Before picture attached, followed by after pictures...


----------



## kdrymer (Aug 12, 2014)

After picture 1:


----------



## kdrymer (Aug 12, 2014)

After picture 2:


----------



## kdrymer (Aug 12, 2014)

Spots where concrete didn't seem to absorb any of the sealer (white patches)

Manufacturer directions stated the concrete could be slightly damp when applying just to add additional information...


----------



## r0ckstarr (Jan 8, 2013)

I sealed mine 30 days after it was poured. I used Eagle Gloss Coat, solvent based sealer. Also ordered from Home Depot. (I also had 1/4 of the 5gal bucket left over)

Sealing mine was the first time I had ever done it, and everything I know about it, I either learned from this website, or online with info pertaining to the particular product that I used. 

I had some dark spots just like that, that lasted for a few days. They eventually faded away. I cannot remember exactly how long, but it wasn't more than a week.

Was yours solvent based or water based?

With mine, the solvent based, I couldn't apply it if the concrete or outside temperature was above 90 degrees or the sealer would start to boil and leave bubbles everywhere. 
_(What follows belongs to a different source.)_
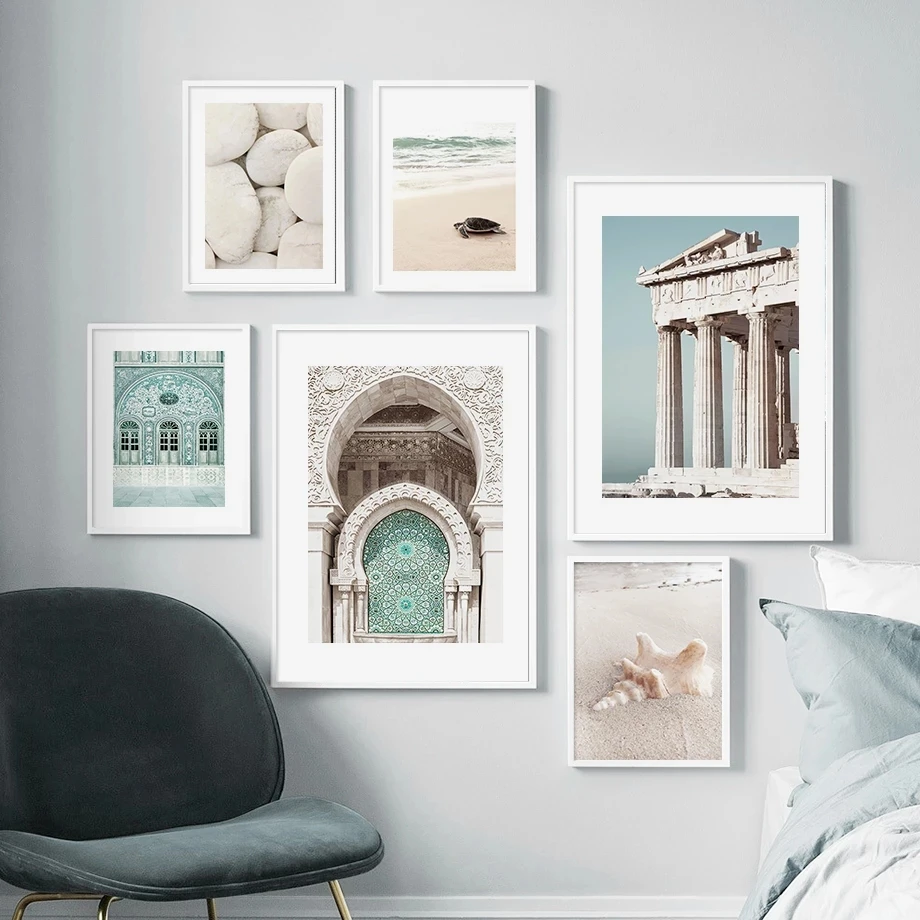 Nordic Плакаты и печать, Картина Настенная море пляж марокканский раковины двери булыжник настенные Арт холст картины Гостиная украшения
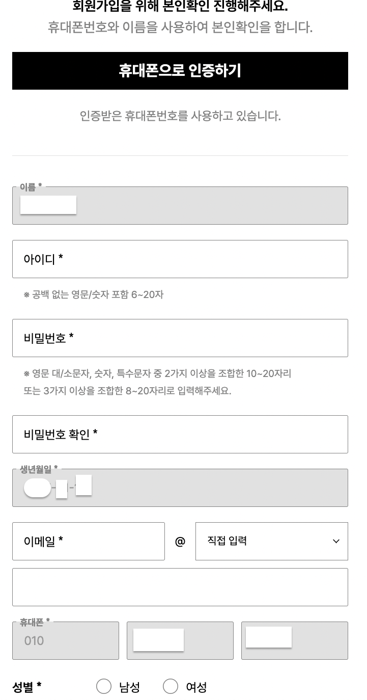 이름, 아이디, 비밀번호, 생년월일, 이메일, 휴대폰, 성별을 줬는지

With the solvent based, I read that in order to fix mistakes, I can wait for it to dry and then add more sealer on top to dissolve the old sealer.

When you applied it, how many coats did you put down? I did 2 coats, and cross-rolled each coat. I would put the sealer down going with the grain of the brushed marks, and a helper went right behind me and rolled the opposite way adding more sealer as needed. 2nd coat went down after the first coat started getting tacky.


----------



## kdrymer (Aug 12, 2014)

I used the Eagle Natural Seal which is a water based silaxane based sealer. Glad to hear that the spots may lessen in a few days, at this point it's more of a cosmetic issue from what I can tell and I was thinking of applying a chemical stripper if it does not brighten in a few days. You had dark spots like I have in the 2 after pictures above? I can't tell if their dark from applying too much sealer or because there was still moisture in the concrete that was trapped- although from I have heard if that were the case it would have formed a white clouding on the surface. We applied a coat then added additional sealer with a roller then a 2nd person used a brush to spread out the excess.


----------



## joed (Mar 13, 2005)

They look wet to me. I suspect if you let it dry it will even out.


----------



## r0ckstarr (Jan 8, 2013)

How soon after you sealed it did you take the pictures?


----------



## kdrymer (Aug 12, 2014)

It was only a couple hours after I sealed it, but most of the rest of ghr driveway looked dry, just these random spots where it was darker. Maybe I'm being paranoid about it.


----------



## stadry (Jun 20, 2009)

it could also be prep, conc finish, application method, experience, temperature, wind, shadows, or mtl itself - apron/vest stores aren't known for selling pro level stuff,,, wait a week,,, if its still bothersome during that time, squint your eyes as you drive in :yes:


----------



## r0ckstarr (Jan 8, 2013)

kdrymer said:


> It was only a couple hours after I sealed it, but most of the rest of ghr driveway looked dry, just these random spots where it was darker. Maybe I'm being paranoid about it.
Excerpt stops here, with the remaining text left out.